━━━━━ EXTRACTED RECORDS ━━━━━
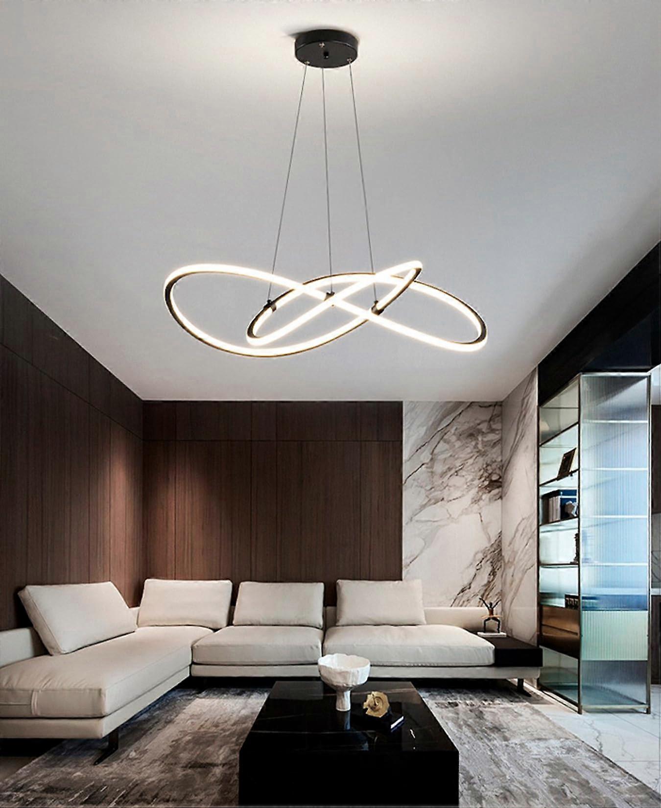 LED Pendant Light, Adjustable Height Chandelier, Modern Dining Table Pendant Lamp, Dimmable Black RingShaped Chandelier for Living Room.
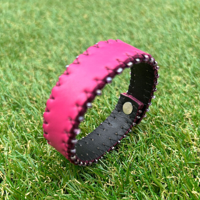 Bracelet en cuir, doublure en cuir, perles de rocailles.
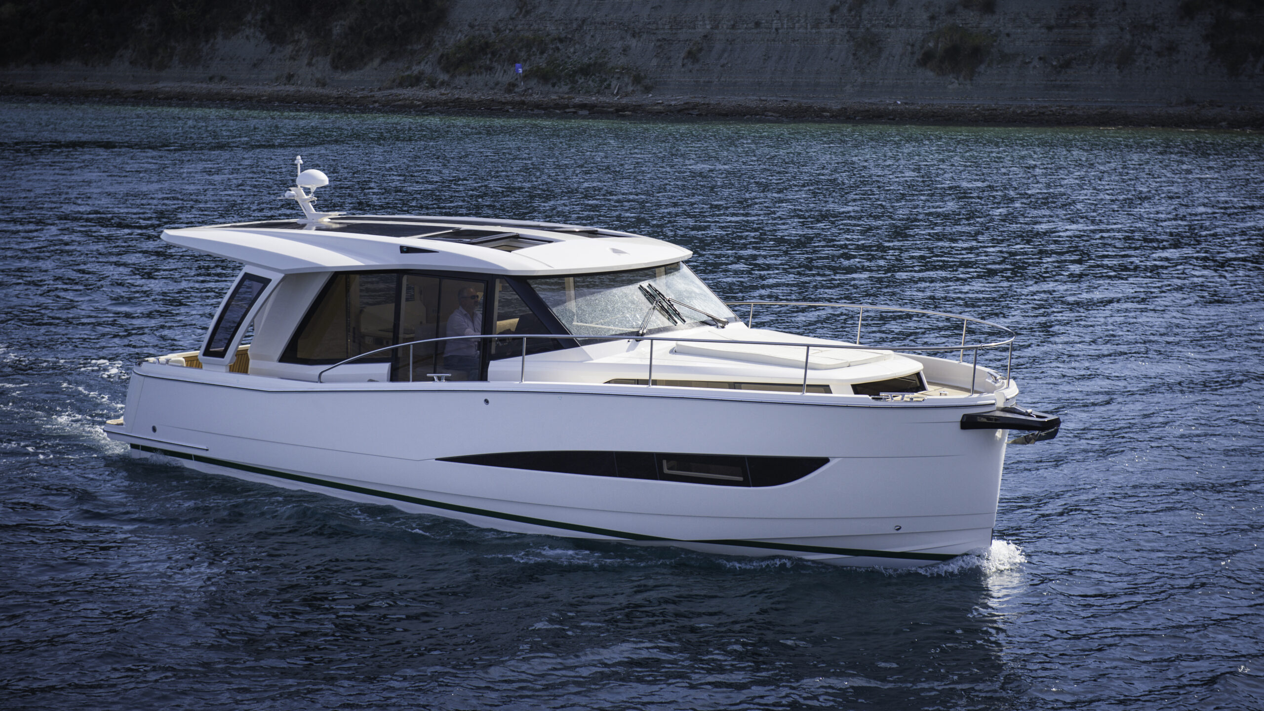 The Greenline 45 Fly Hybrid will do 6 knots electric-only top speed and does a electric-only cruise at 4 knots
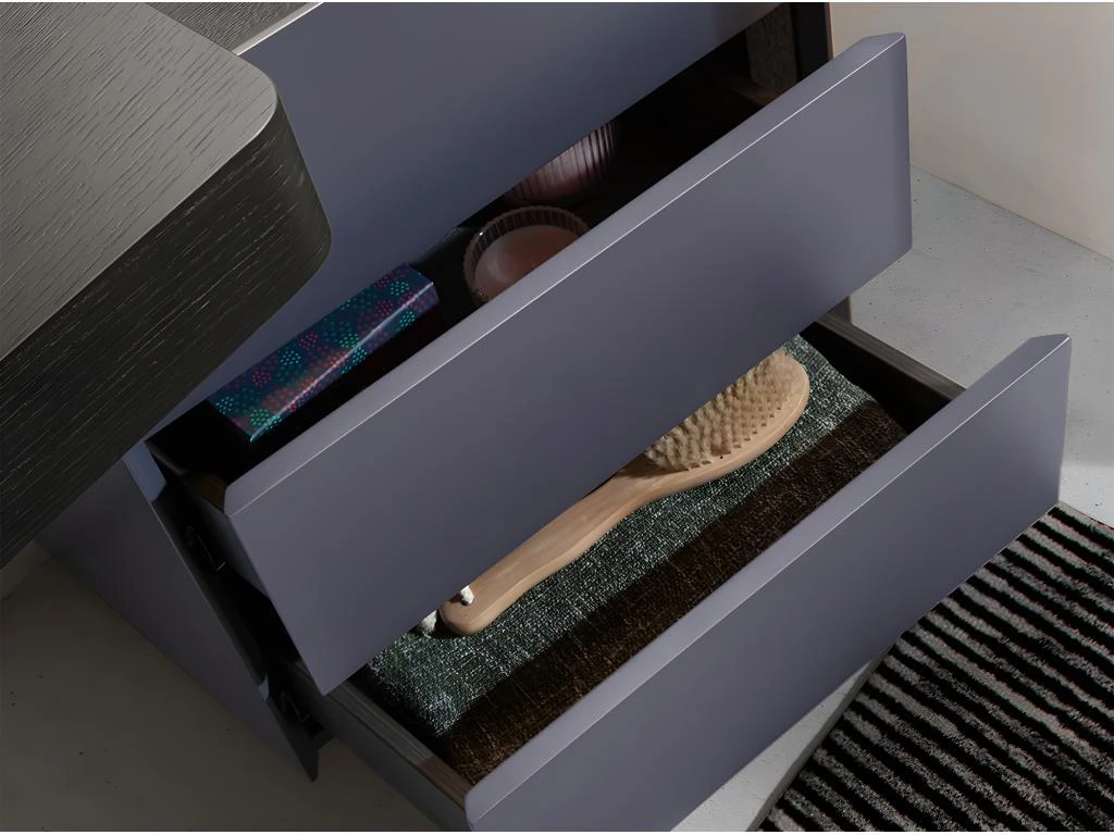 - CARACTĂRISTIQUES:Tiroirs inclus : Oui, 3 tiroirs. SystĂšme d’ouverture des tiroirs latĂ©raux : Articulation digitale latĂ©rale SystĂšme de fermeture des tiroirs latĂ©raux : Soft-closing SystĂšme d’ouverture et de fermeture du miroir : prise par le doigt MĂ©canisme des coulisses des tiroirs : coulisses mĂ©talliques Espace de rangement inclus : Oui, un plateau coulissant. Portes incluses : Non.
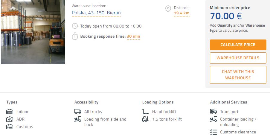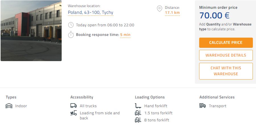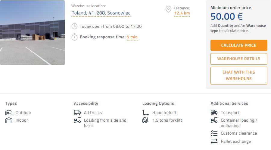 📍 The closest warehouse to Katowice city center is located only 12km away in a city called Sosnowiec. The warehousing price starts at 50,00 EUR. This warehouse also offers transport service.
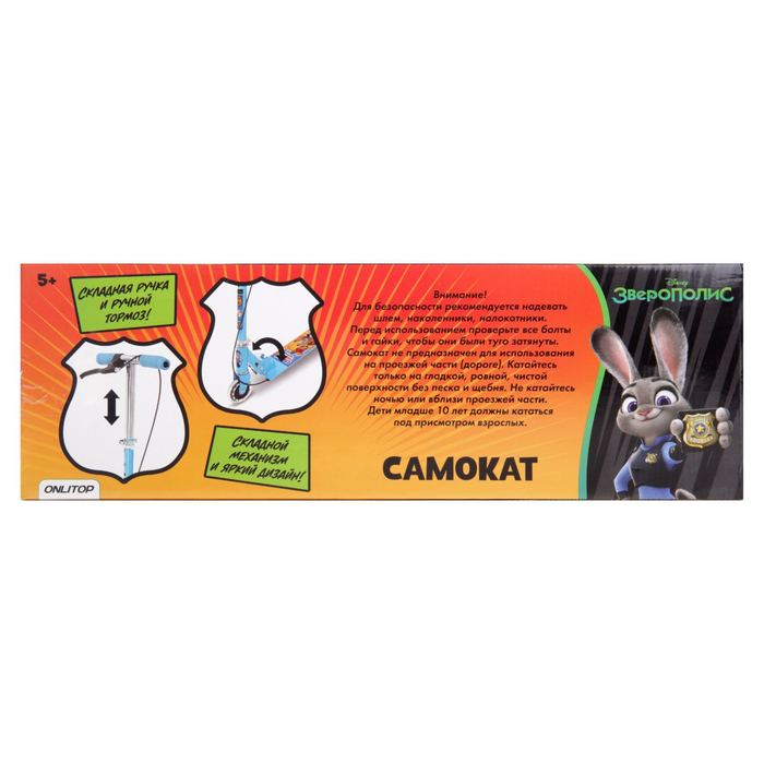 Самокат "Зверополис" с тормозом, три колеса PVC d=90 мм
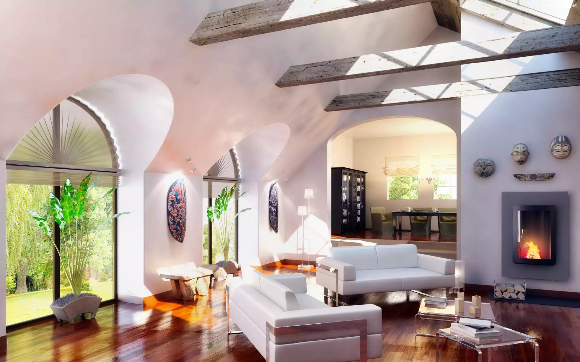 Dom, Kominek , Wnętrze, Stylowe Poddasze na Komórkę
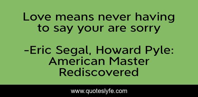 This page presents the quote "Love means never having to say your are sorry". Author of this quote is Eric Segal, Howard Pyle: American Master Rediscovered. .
━━━━━
PROBLEM TO WORK ON
Reproduce all of the data exactly, omitting each picture it holds.

RESULT FOR THIS TASK
 LED Pendant Light, Adjustable Height Chandelier, Modern Dining Table Pendant Lamp, Dimmable Black RingShaped Chandelier for Living Room.
 Bracelet en cuir, doublure en cuir, perles de rocailles.
 The Greenline 45 Fly Hybrid will do 6 knots electric-only top speed and does a electric-only cruise at 4 knots
 - CARACTĂRISTIQUES:Tiroirs inclus : Oui, 3 tiroirs. SystĂšme d’ouverture des tiroirs latĂ©raux : Articulation digitale latĂ©rale SystĂšme de fermeture des tiroirs latĂ©raux : Soft-closing SystĂšme d’ouverture et de fermeture du miroir : prise par le doigt MĂ©canisme des coulisses des tiroirs : coulisses mĂ©talliques Espace de rangement inclus : Oui, un plateau coulissant. Portes incluses : Non.
 📍 The closest warehouse to Katowice city center is located only 12km away in a city called Sosnowiec. The warehousing price starts at 50,00 EUR. This warehouse also offers transport service.
 Самокат "Зверополис" с тормозом, три колеса PVC d=90 мм
 Dom, Kominek , Wnętrze, Stylowe Poddasze na Komórkę
 This page presents the quote "Love means never having to say your are sorry". Author of this quote is Eric Segal, Howard Pyle: American Master Rediscovered. .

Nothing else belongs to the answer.